Pancakes can be enjoyed any time of day. Have butter triangles, raisins, or nuts available and let children (or adults) add their own funny faces. To feed a crowd, buy two or three pans so that you can make several pancakes at the same time.
You Will Need
Jack-O'-lantern-shaped pan, 12 x 11 inches (available from www.wilton.com)
2 cups biscuit mix
2 tablespoons packed light brown sugar
2 teaspoons ground cinnamon
1 1/2 cups (12-ounce can) undiluted evaporated milk or evaporated skim milk
1/2 cup solid-pack pumpkin
Vegetable oil
2 large eggs
1/2 stick butter or margarine, for face
Honey or syrup
What to Do
1. Preheat oven to 450°F. Place empty jack-o'-lantern pan in oven.
2. In large bowl, combine biscuit mix, sugar, cinnamon, evaporated milk, pumpkin, 2 tablespoons vegetable oil and eggs. Beat or whisk until smooth. (Batter may be stored overnight in refrigerator. Stir before using.)
3. When oven is preheated, remove pan. CAUTION: Pan will be very hot. Coat pan lightly with a couple of drops of vegetable oil or a small amount of butter and rotate pan to cover evenly. Pour 2 cups of batter in pan. Pour in a circle to cover pan evenly. Push to edges if necessary.
4. Return to oven and bake 6-8 minutes or until top is dry and edges are brown. Top will not be brown.
5. Invert baked pancake onto serving dish.
6. Repeat for next pancake.

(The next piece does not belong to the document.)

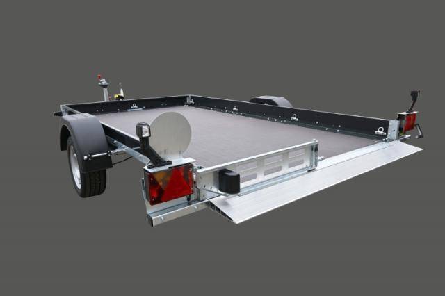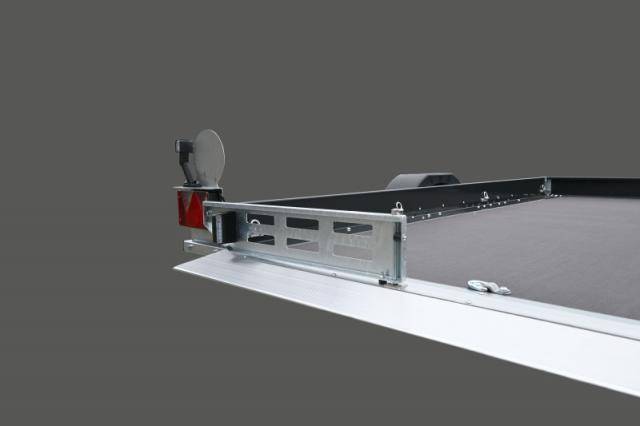 • Durchgehender Auffahrkeil mit klappbarem Kennzeichenhalter zur Nutzung der gesamten Ladeflächenbreite (zum Auffahren)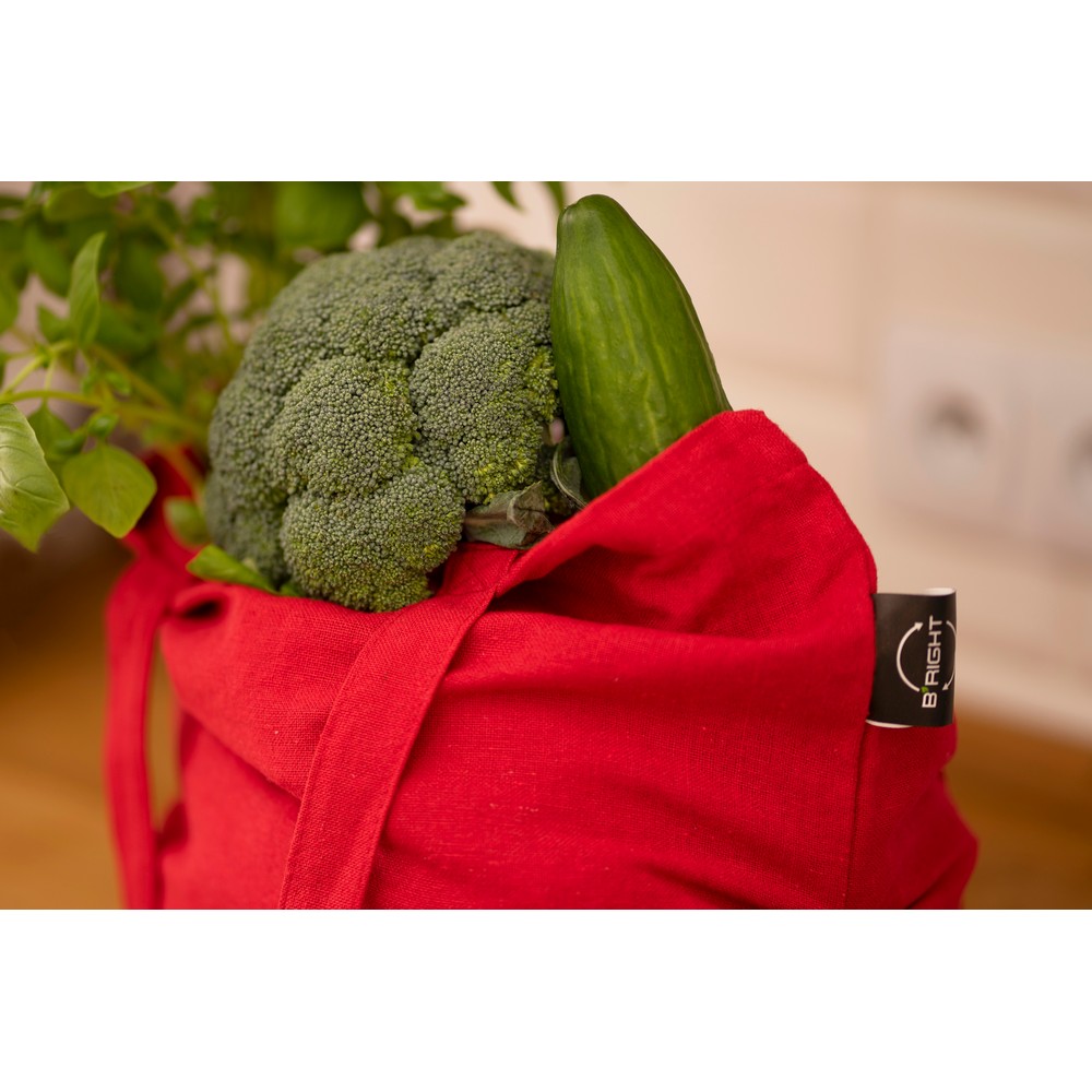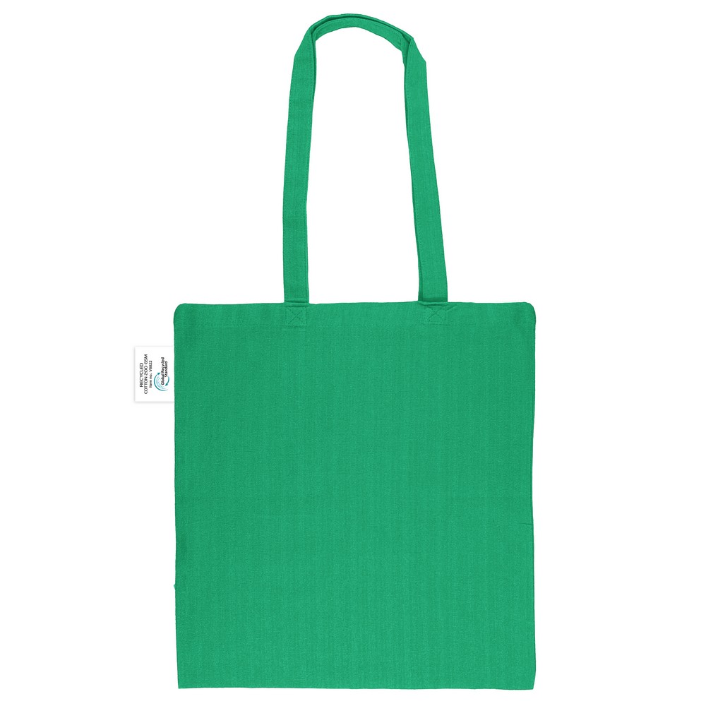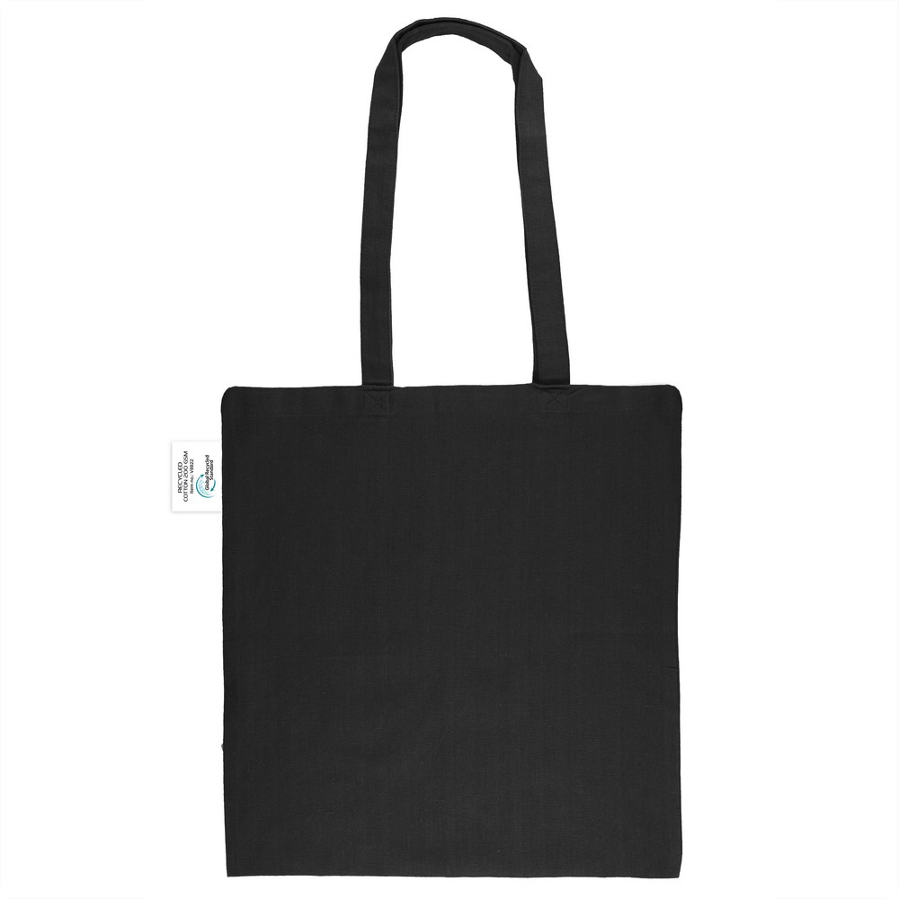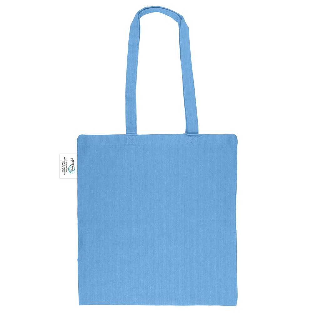 Torba na zakupy B’RIGHT, posiada długie uchwyty umożliwiające noszenie na ramieniu, produkt wykonany z bawełny z recyklingu o gramaturze 200 g/m² i poliestru z recyklingu, zgodna z certyfikatem GRS (Global RecycIed Standard)

You can place finished pancake on a cookie sheet and return to oven for the last 2 minutes of cooking time to reheat.
7. Garnish pancakes with butter or margarine features: Cut butter or margarine into 1/8-inch slices and then halve for triangles for eyes and halve again into smaller triangles for mouth as shown in photo. Serve with honey or syrup.